Data entries

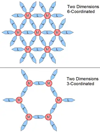 The structure and dimensionality of the coordination polymer are determined by the linkers and the coordination geometry of the metal center. Coordination numbers are most often between 2 and 10.[6] Examples of various coordination numbers are shown in planar geometry in Figure 2. In Figure 1 the 1D structure is 2-coordinated, the planar is 4-coordinated, and the 3D is 6-coordinated.
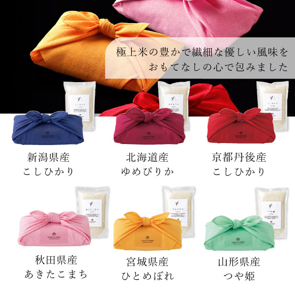 全国のブランド米を食べ比べできる、贅沢なお米のセット。日本人の体に深く染み渡る瑞穂の恵みの豊かで繊細な優しい風味を、おもてなしの心で包みました。「新潟産 こしひかり」「北海道産 ゆめぴりか」「京都丹後産 こしひかり」「秋田産 あきたこまち」「宮城産 ひとめぼれ」「山形産 つや姫」大切に作られた、風土の豊さを感じる味を食べ比べてみてください。美しい風呂敷で包まれた美味しいお米は格調高く、目上の方への贈り物にもおすすめです。
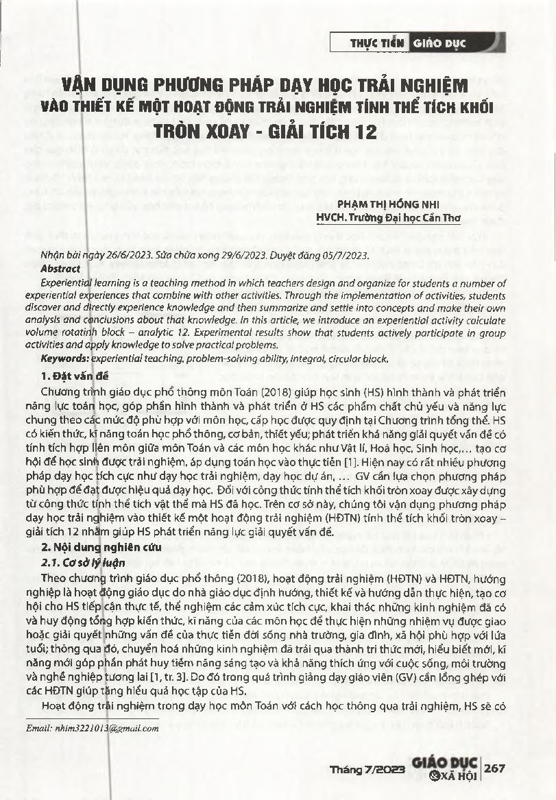 Vận dụng phương pháp dạy học trải nghiệm vào thiết kê' một hoạt động trải nghiệm tính thể tích khỗi tròn xoay - Giải tích 12 = Applying experiential teaching methods to design an experiential activity to calculate the volumeofa rotating block-Analysis 12.
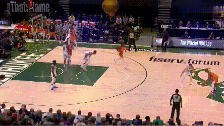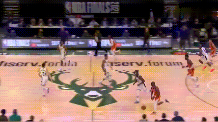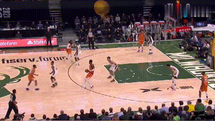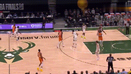 第一件事是,字母防艾頓的時候,防擋拆的效果提升了。只要大洛不在,不管內線搭檔是波蒂斯還是塔克,字母都會直接對位艾頓。之前雄鹿解決不了的問題是,字母換防後,其他人被艾頓懲罰,G4這件事發生了改變,除了雄鹿自己不再換防時嘗試繞前被吊身後,身邊的協防做得更好,以及字母送出了可以成為他職業生涯標籤畫面的驚天大冒之外,太陽在進攻端犯的錯誤也幫了雄鹿,這點我們後文再説;
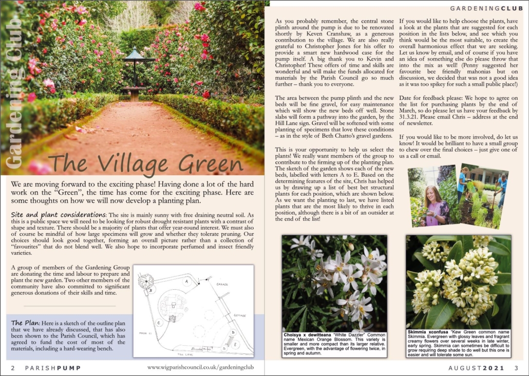 Social Committee and Gardening Club will use the Parish Pump to reach every household and inform us of the amazing work they are doing for our community.
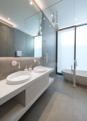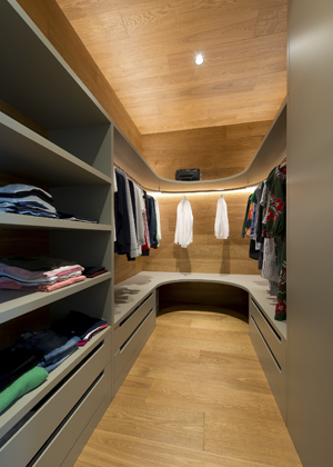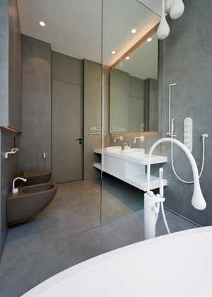 Dva pokoje pro hosty mají k dispozici koupelnu s WC, skrze niž je možné vstoupit do technické místnosti. V soukromé intimní zóně na hlavní ložnici navazuje šatna a hned vedle je i koupelna s vanou. Prosklenými stěnami ložnice se nabízí přímý výhled do atria i zahrady.
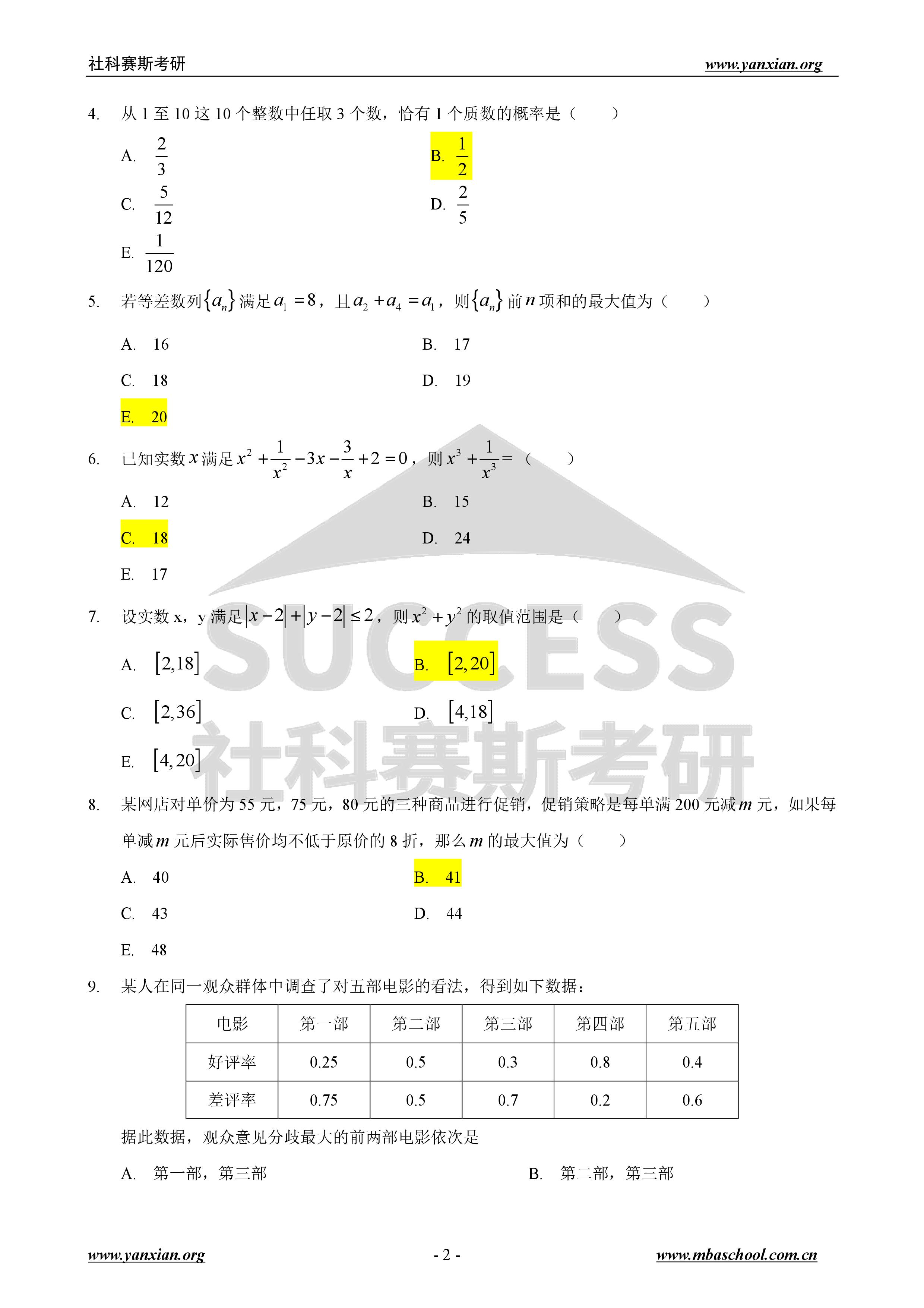 2020考研邏輯真題:2020年管理類聯考邏輯真題及解析
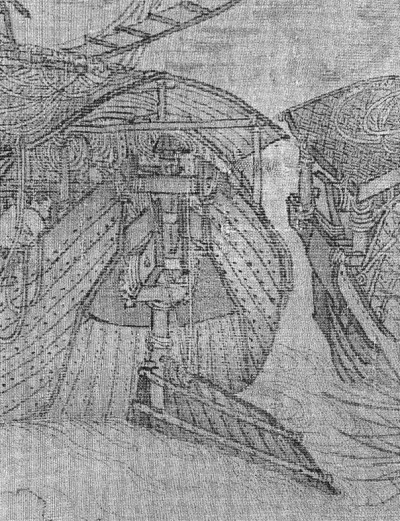 图3:张择端《清明上河图》卷里漕船尾部的可控式升降舵
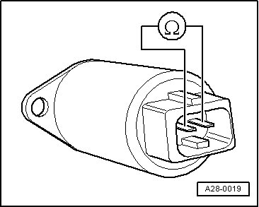 - Perform a resistance measurement between terminals on solenoid valve using portable multimeter (VAG1526).
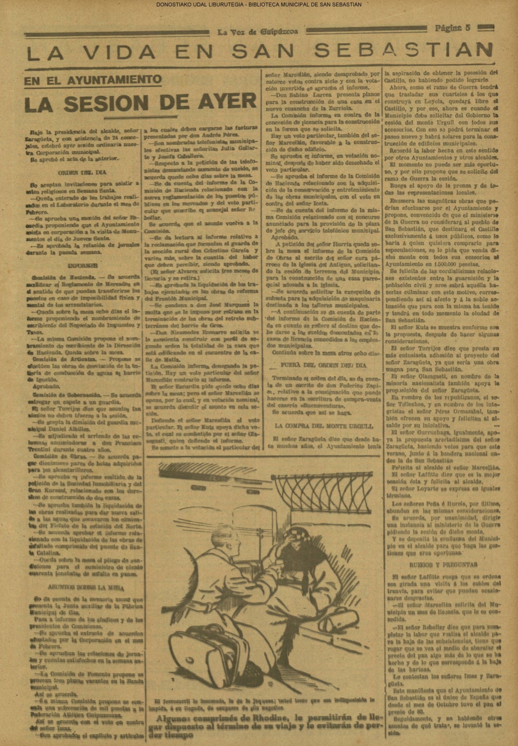 (1901).—Represéntase en el teatro Principal, por primera vez en San Sebastián, la zarzuela de Selles, con música de Vives, "La balada de la luz", que fué muy del agrado del público. (1906) (1910) El arquitecto D. Eugenio Elgarresta es nombrado profesor de Estereotomía, Construcción y Dibujo aplicado de la Escuela de Artes y Oficios. 1910 - PLENO MUNICIPAL (La Constancia : diario íntegro fuerista //@ - El Correo de Guipúzcoa : diario tradicionalista //@ - El Pueblo Vasco : diario independiente //@ - La Voz de Guipúzcoa: diario republicano (1911) (1916) (1921)- PLENO MUNICIPAL : -El Ayuntamiento que preside el señor Zaragüeta, por acuerdo unánime, decide la compra del Monte Urgull al Ministerio de la Guerra dado que se van a construir nuevos cuarteles en el barrio de Loyola. La cantidad a abonar es de 1.500.000 pesetas. (La Voz de Guipúzcoa)(El Pueblo Vasco))(La Constancia) (1926) 1929 - El Ayuntamiento adquiere la totalidad de las acciones del establecimiento "La Perla del Océano", por un importe de 1.525.000 pesetas. - El mismo día y en relación con la recogida de basuras acuerda la compra de 11 camiones automóviles de tracción eléctrica y 9 metros cúbicos de capacidad cada uno, así como la instalación de un horno crematorio pues "los informes de los técnicos en todas las ciudades que se preocupan del problema sanitario prueban que el único medio de asegurar una perfecta esterilización de las basuras es la cremación de las mismas"
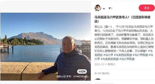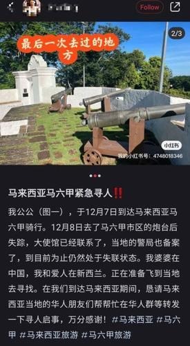 中国游客来马旅行出车祸后失联 妻子孙子社媒发寻人消息

**EXERCISE DESCRIPTION**
In the copy, every entry must appear exactly as written, and no picture may appear.

**EXPECTED ANSWER**
 The structure and dimensionality of the coordination polymer are determined by the linkers and the coordination geometry of the metal center. Coordination numbers are most often between 2 and 10.[6] Examples of various coordination numbers are shown in planar geometry in Figure 2. In Figure 1 the 1D structure is 2-coordinated, the planar is 4-coordinated, and the 3D is 6-coordinated.
 全国のブランド米を食べ比べできる、贅沢なお米のセット。日本人の体に深く染み渡る瑞穂の恵みの豊かで繊細な優しい風味を、おもてなしの心で包みました。「新潟産 こしひかり」「北海道産 ゆめぴりか」「京都丹後産 こしひかり」「秋田産 あきたこまち」「宮城産 ひとめぼれ」「山形産 つや姫」大切に作られた、風土の豊さを感じる味を食べ比べてみてください。美しい風呂敷で包まれた美味しいお米は格調高く、目上の方への贈り物にもおすすめです。
 Vận dụng phương pháp dạy học trải nghiệm vào thiết kê' một hoạt động trải nghiệm tính thể tích khỗi tròn xoay - Giải tích 12 = Applying experiential teaching methods to design an experiential activity to calculate the volumeofa rotating block-Analysis 12.
 第一件事是,字母防艾頓的時候,防擋拆的效果提升了。只要大洛不在,不管內線搭檔是波蒂斯還是塔克,字母都會直接對位艾頓。之前雄鹿解決不了的問題是,字母換防後,其他人被艾頓懲罰,G4這件事發生了改變,除了雄鹿自己不再換防時嘗試繞前被吊身後,身邊的協防做得更好,以及字母送出了可以成為他職業生涯標籤畫面的驚天大冒之外,太陽在進攻端犯的錯誤也幫了雄鹿,這點我們後文再説;
 Social Committee and Gardening Club will use the Parish Pump to reach every household and inform us of the amazing work they are doing for our community.
 Dva pokoje pro hosty mají k dispozici koupelnu s WC, skrze niž je možné vstoupit do technické místnosti. V soukromé intimní zóně na hlavní ložnici navazuje šatna a hned vedle je i koupelna s vanou. Prosklenými stěnami ložnice se nabízí přímý výhled do atria i zahrady.
 2020考研邏輯真題:2020年管理類聯考邏輯真題及解析
 图3:张择端《清明上河图》卷里漕船尾部的可控式升降舵
 - Perform a resistance measurement between terminals on solenoid valve using portable multimeter (VAG1526).
 (1901).—Represéntase en el teatro Principal, por primera vez en San Sebastián, la zarzuela de Selles, con música de Vives, "La balada de la luz", que fué muy del agrado del público. (1906) (1910) El arquitecto D. Eugenio Elgarresta es nombrado profesor de Estereotomía, Construcción y Dibujo aplicado de la Escuela de Artes y Oficios. 1910 - PLENO MUNICIPAL (La Constancia : diario íntegro fuerista //@ - El Correo de Guipúzcoa : diario tradicionalista //@ - El Pueblo Vasco : diario independiente //@ - La Voz de Guipúzcoa: diario republicano (1911) (1916) (1921)- PLENO MUNICIPAL : -El Ayuntamiento que preside el señor Zaragüeta, por acuerdo unánime, decide la compra del Monte Urgull al Ministerio de la Guerra dado que se van a construir nuevos cuarteles en el barrio de Loyola. La cantidad a abonar es de 1.500.000 pesetas. (La Voz de Guipúzcoa)(El Pueblo Vasco))(La Constancia) (1926) 1929 - El Ayuntamiento adquiere la totalidad de las acciones del establecimiento "La Perla del Océano", por un importe de 1.525.000 pesetas. - El mismo día y en relación con la recogida de basuras acuerda la compra de 11 camiones automóviles de tracción eléctrica y 9 metros cúbicos de capacidad cada uno, así como la instalación de un horno crematorio pues "los informes de los técnicos en todas las ciudades que se preocupan del problema sanitario prueban que el único medio de asegurar una perfecta esterilización de las basuras es la cremación de las mismas"
 中国游客来马旅行出车祸后失联 妻子孙子社媒发寻人消息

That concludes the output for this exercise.